### The task
Set down exactly the lines from the first line of the records through the line that contains "İsmail Subaşı kardeşimiz, 22", and leave every picture out.

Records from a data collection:
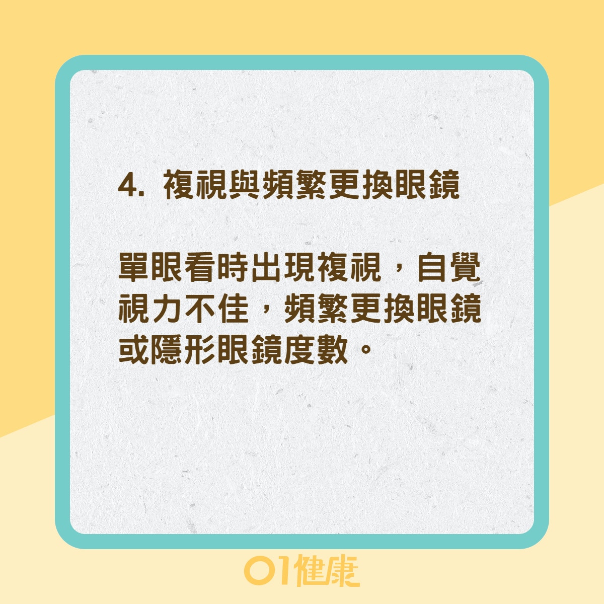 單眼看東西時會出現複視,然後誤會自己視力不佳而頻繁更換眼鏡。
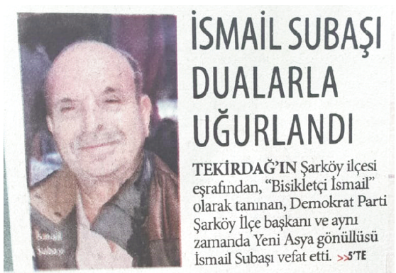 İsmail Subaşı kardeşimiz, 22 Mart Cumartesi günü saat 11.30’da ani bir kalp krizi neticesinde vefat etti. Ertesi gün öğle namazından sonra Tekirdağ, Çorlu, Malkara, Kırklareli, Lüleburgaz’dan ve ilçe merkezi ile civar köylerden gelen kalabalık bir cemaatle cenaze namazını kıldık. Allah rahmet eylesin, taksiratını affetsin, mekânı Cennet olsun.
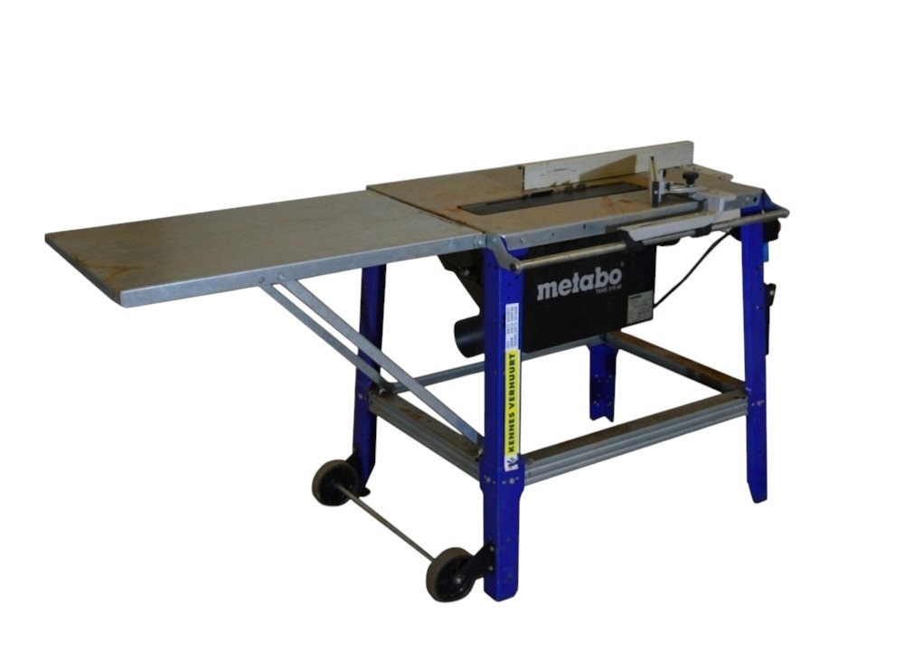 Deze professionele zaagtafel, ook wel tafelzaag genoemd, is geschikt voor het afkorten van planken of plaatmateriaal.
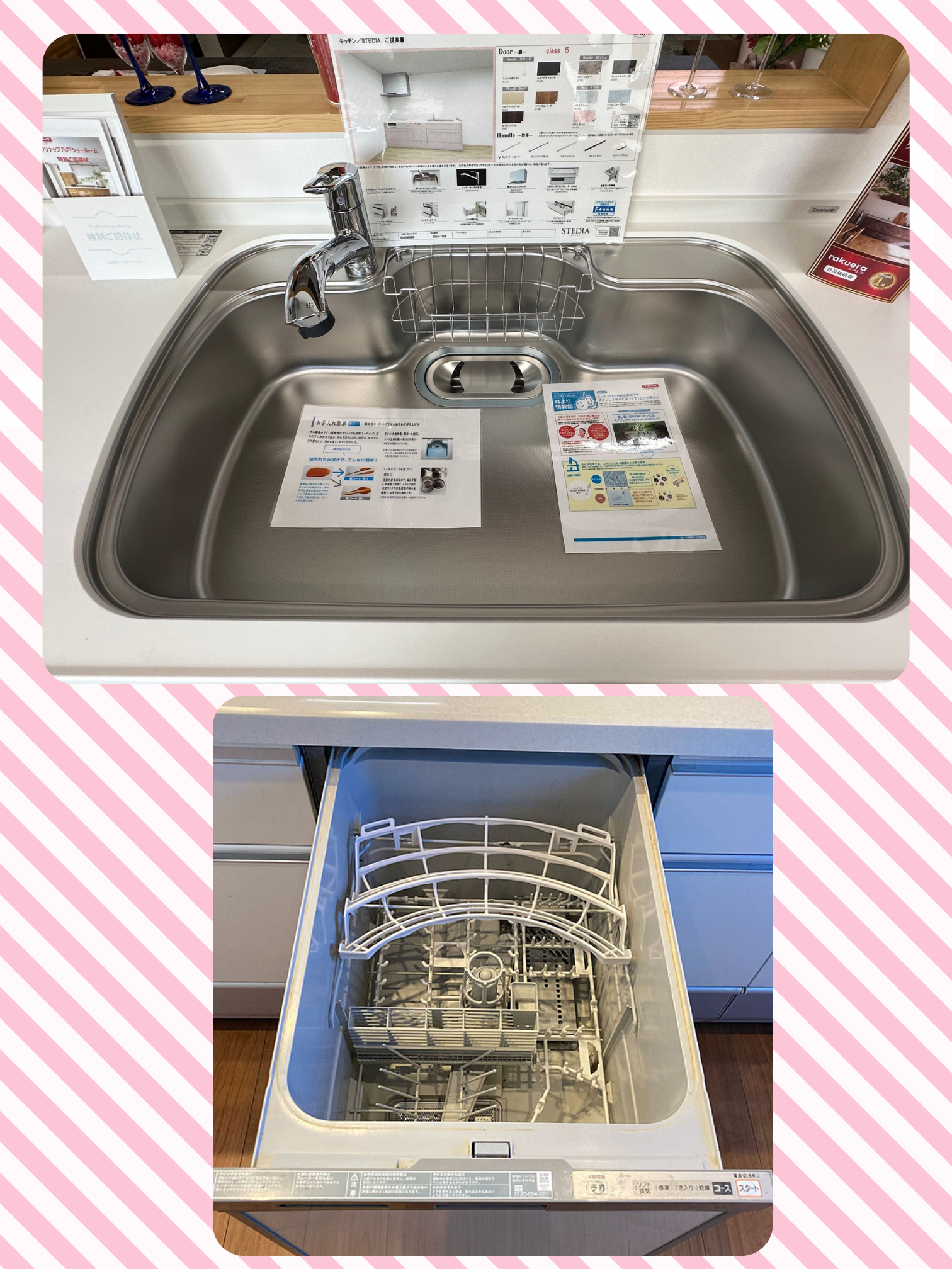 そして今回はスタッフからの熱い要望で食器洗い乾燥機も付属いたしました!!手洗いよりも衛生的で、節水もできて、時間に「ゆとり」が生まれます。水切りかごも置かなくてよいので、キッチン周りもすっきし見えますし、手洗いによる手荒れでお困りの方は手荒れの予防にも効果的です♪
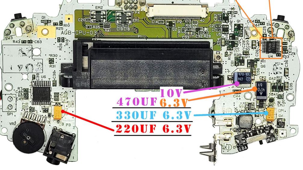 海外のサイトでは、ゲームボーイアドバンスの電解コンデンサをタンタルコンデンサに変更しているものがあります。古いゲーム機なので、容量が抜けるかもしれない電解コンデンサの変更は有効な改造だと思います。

### Answer for the task
 單眼看東西時會出現複視,然後誤會自己視力不佳而頻繁更換眼鏡。
 İsmail Subaşı kardeşimiz, 22 Mart Cumartesi günü saat 11.30’da ani bir kalp krizi neticesinde vefat etti. Ertesi gün öğle namazından sonra Tekirdağ, Çorlu, Malkara, Kırklareli, Lüleburgaz’dan ve ilçe merkezi ile civar köylerden gelen kalabalık bir cemaatle cenaze namazını kıldık. Allah rahmet eylesin, taksiratını affetsin, mekânı Cennet olsun.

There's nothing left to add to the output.